記得很小的時候,家裡的長輩就告誡我們「不可以談政治」、「不可以『參』政治」;性格向來很叛逆又愛逆向思考的我,不但不懂,也不怎麼當一回事。
可是,就在這段幼稚園大班,一直到後來升上國小以後的這段期間,隨著台灣解嚴、社會逐漸民主開放,我開始陸陸續續在大人的談話間,偶爾聽到一些關於美麗島、白色恐怖、二二八的片段;而他們口中說的故事,許多都是來自親戚家族們的親身經歷。
每次聽到大人「講故事」,總會沈不住氣、忍不住插嘴就問,然後招來「囡仔人真愛偷聽」、「有耳無嘴,聽就好,莫問」的責備,而他們也就巧妙地話題一轉,故事就不再講下去了。我想,一方面也許也是認為我當時年紀還小,無法全面理解而不說,一方面,也許是擔心孩子聽了不敢睡覺、睡了覺作惡夢而不願意說罷。
年紀長了些後,比較有探聽技巧,當然也主動問過長輩這些事,不過,卻一再發現大人之間有種共同的默契:他們不是盡可能避而不談,就是都會突然沈起臉,說道「這款事情不當問」;他們同樣都會流露出不願意提起、不願再度潛入回憶述說的模樣。

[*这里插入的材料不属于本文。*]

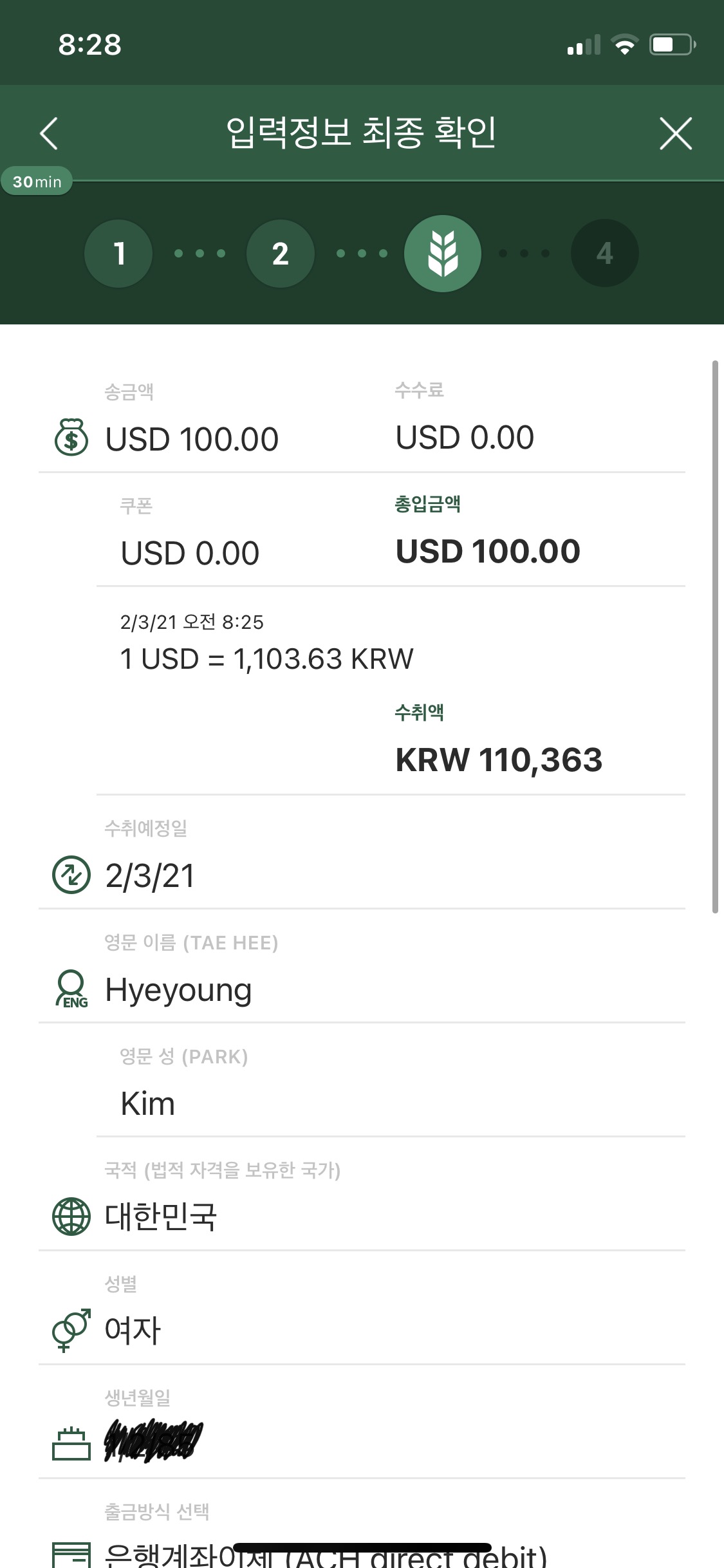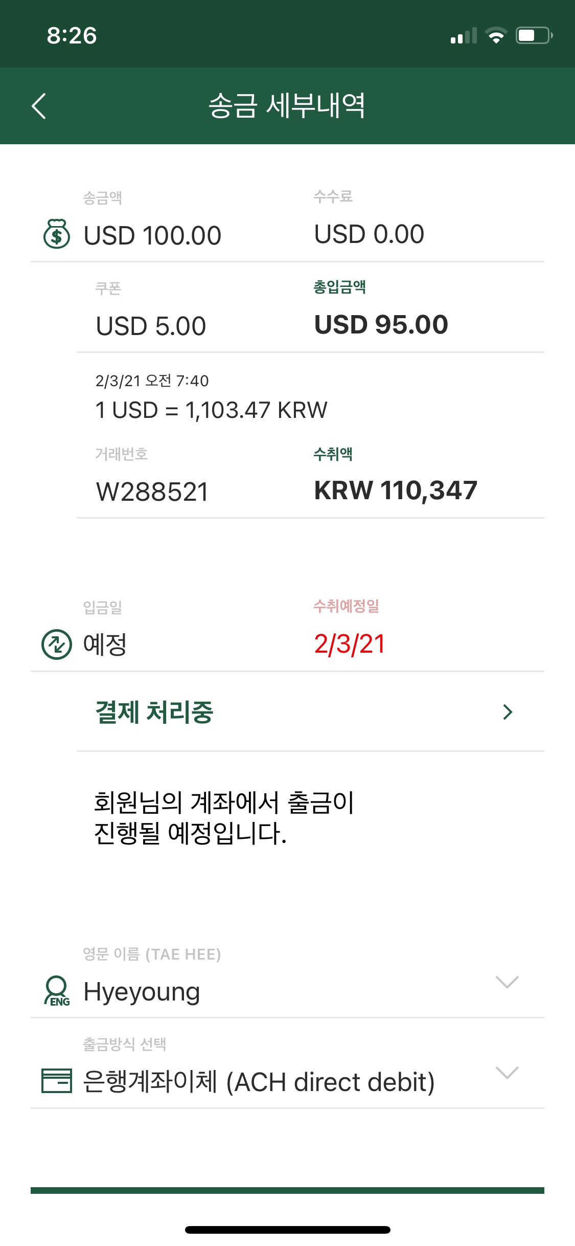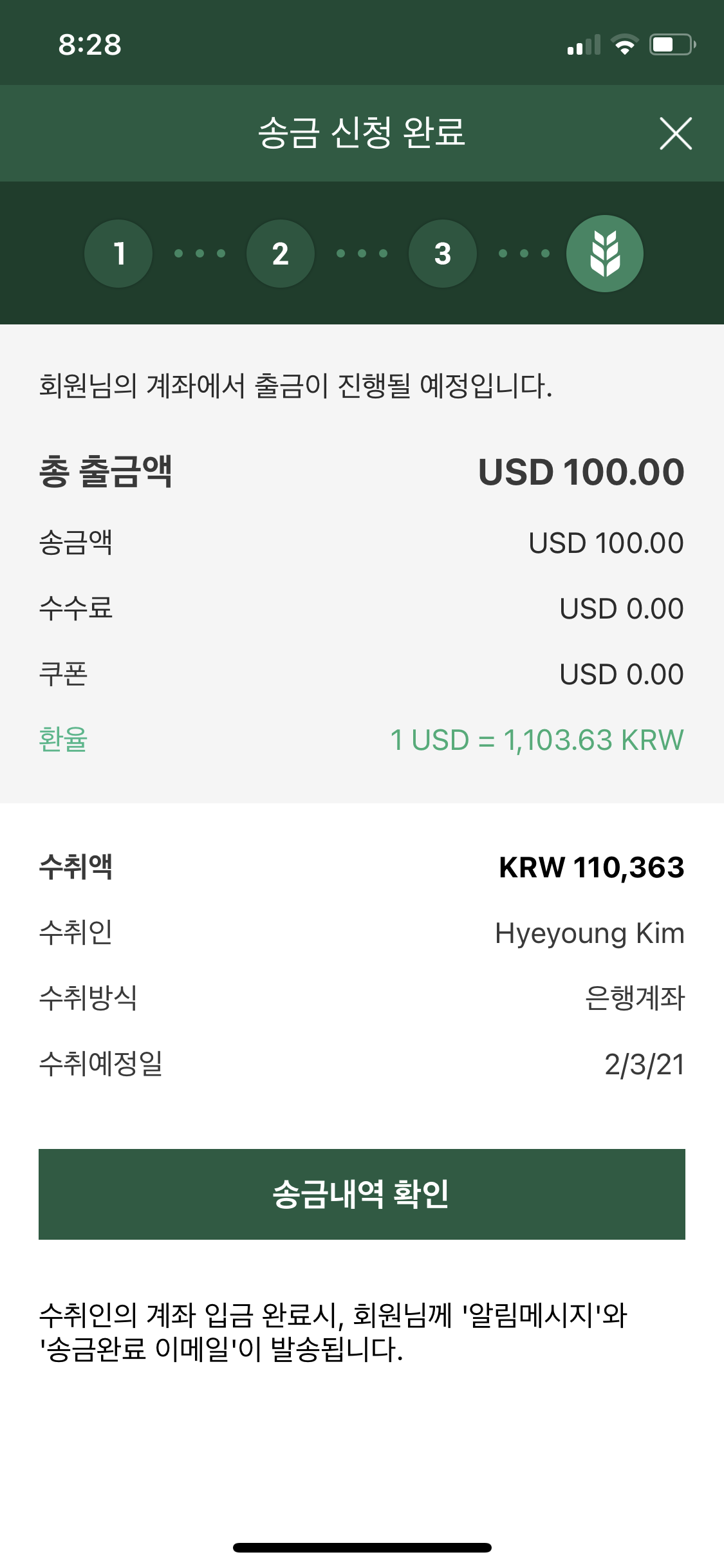 몇분 만에 미국에서 한국으로 송금이 모두 이루어지더라구요.

有那麼幾次,大人拗不過我的央求,對我說了,也總只是告訴我故事粗略的樣貌、草草結束。長大後我才知道,他們當時說故事是如何小心謹慎而不忘記略去一些恐怖駭人的細節。只記得,在說故事的當中,大人在講到「國民黨」這三個字時,總要刻意壓著嗓、降低音量,並總是一再告誡我,
「以後大漢,毋當參政治。」
「這個政府,是會殺人的。」
就在年紀還很小的時候,懵懵懂懂之間,我已經認知到政治是一件很嚴肅、危險的事。直到後來年紀長了,我才逐漸明白,真正導致他們與更多同時代的人不願意訴說過往的原因,就在於心裡徘徊不去的巨大傷痛和對殘酷政府的深層恐懼。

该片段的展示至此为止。